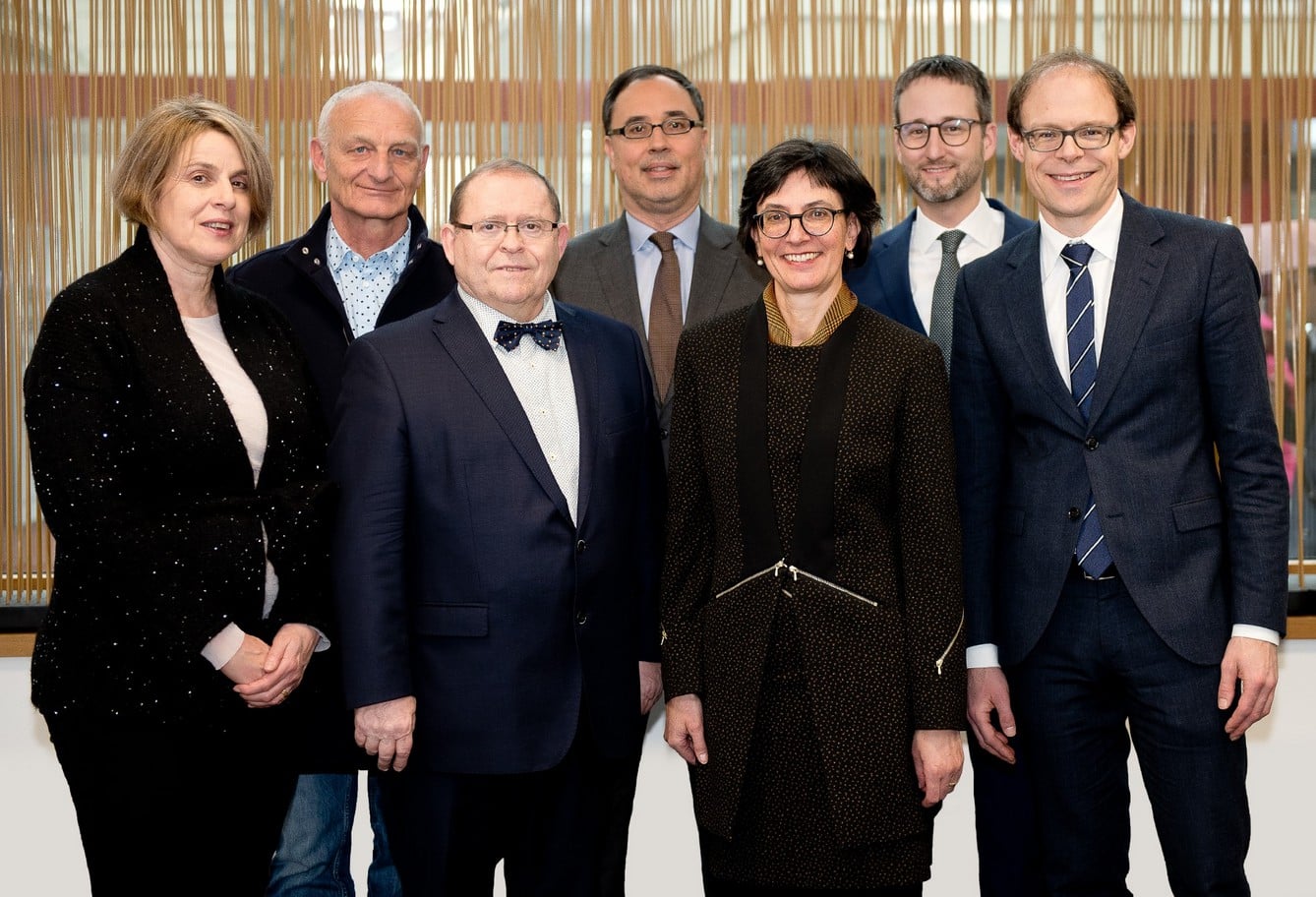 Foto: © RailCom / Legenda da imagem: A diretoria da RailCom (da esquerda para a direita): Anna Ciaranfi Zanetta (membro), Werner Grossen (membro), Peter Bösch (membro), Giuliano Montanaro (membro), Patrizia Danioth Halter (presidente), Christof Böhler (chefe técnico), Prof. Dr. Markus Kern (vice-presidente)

...

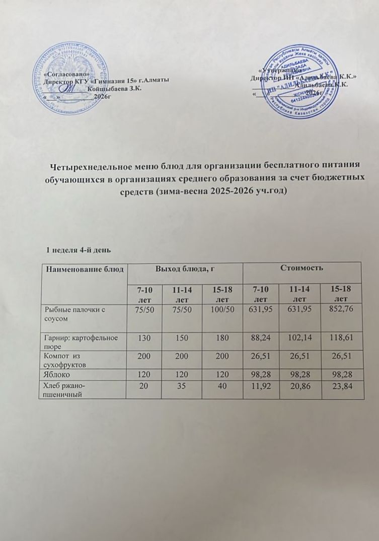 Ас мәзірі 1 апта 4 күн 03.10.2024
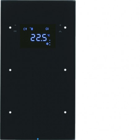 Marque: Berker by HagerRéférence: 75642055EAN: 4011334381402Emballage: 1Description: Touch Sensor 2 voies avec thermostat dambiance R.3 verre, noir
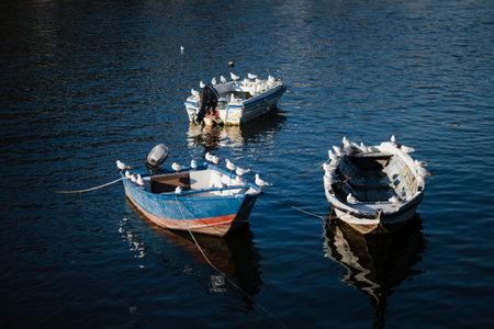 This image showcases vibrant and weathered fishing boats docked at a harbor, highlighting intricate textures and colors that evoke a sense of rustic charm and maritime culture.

...

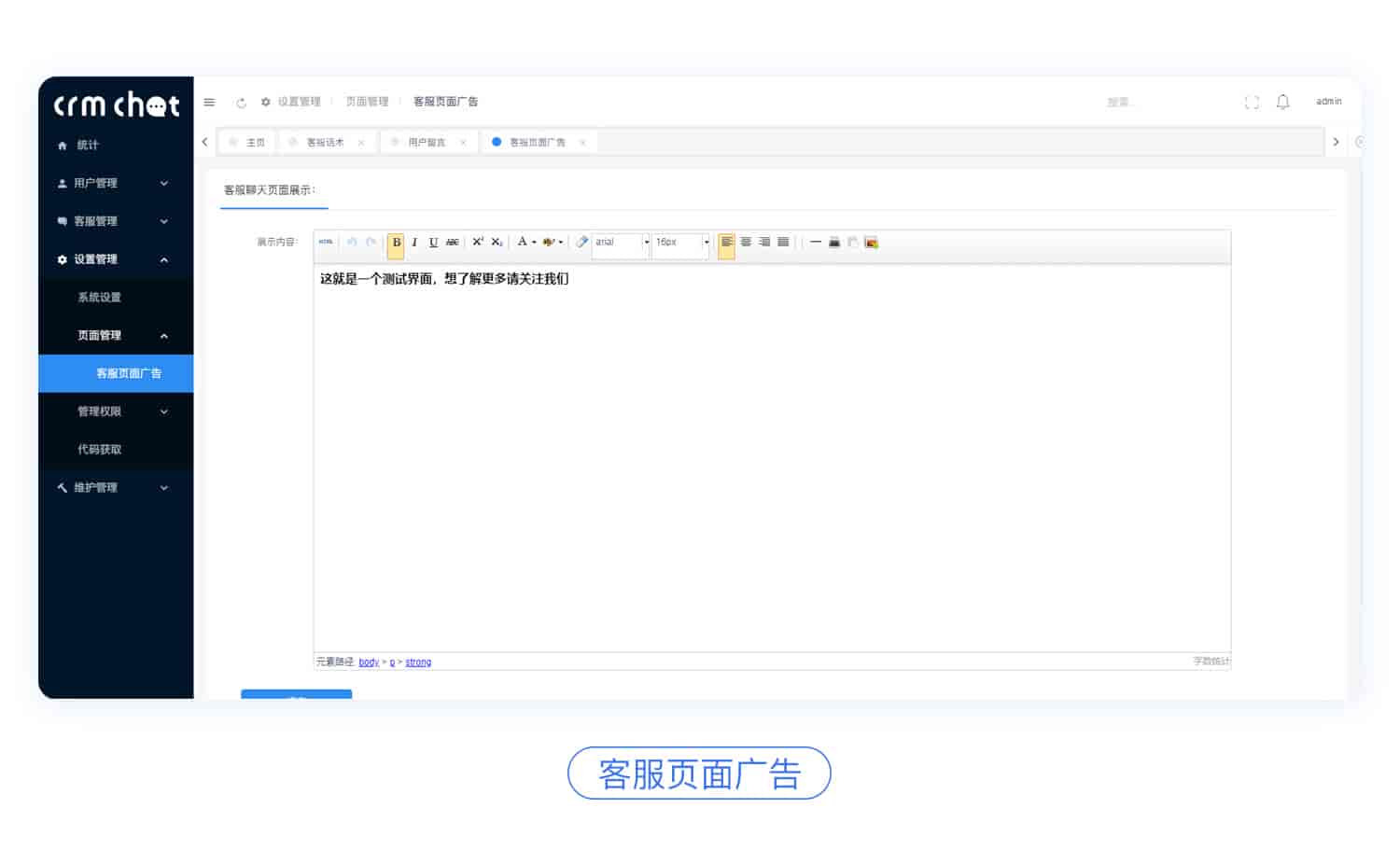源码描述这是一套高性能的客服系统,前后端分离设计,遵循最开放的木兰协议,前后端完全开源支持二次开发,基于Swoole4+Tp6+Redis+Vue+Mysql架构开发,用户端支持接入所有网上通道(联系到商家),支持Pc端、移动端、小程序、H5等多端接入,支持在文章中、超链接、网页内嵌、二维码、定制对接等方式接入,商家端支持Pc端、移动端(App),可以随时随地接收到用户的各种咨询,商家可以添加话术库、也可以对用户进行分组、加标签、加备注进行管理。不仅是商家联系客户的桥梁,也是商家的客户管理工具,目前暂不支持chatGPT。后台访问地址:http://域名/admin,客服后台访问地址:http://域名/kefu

To do:
Look through the listing above for the line with "Ас мәзірі 1 апта 4 күн 03.10.2024" and the line with "Marque: Berker by". Write out exactly those lines and everything between, leaving out pictures.

Answer box:
 Ас мәзірі 1 апта 4 күн 03.10.2024
 Marque: Berker by HagerRéférence: 75642055EAN: 4011334381402Emballage: 1Description: Touch Sensor 2 voies avec thermostat dambiance R.3 verre, noir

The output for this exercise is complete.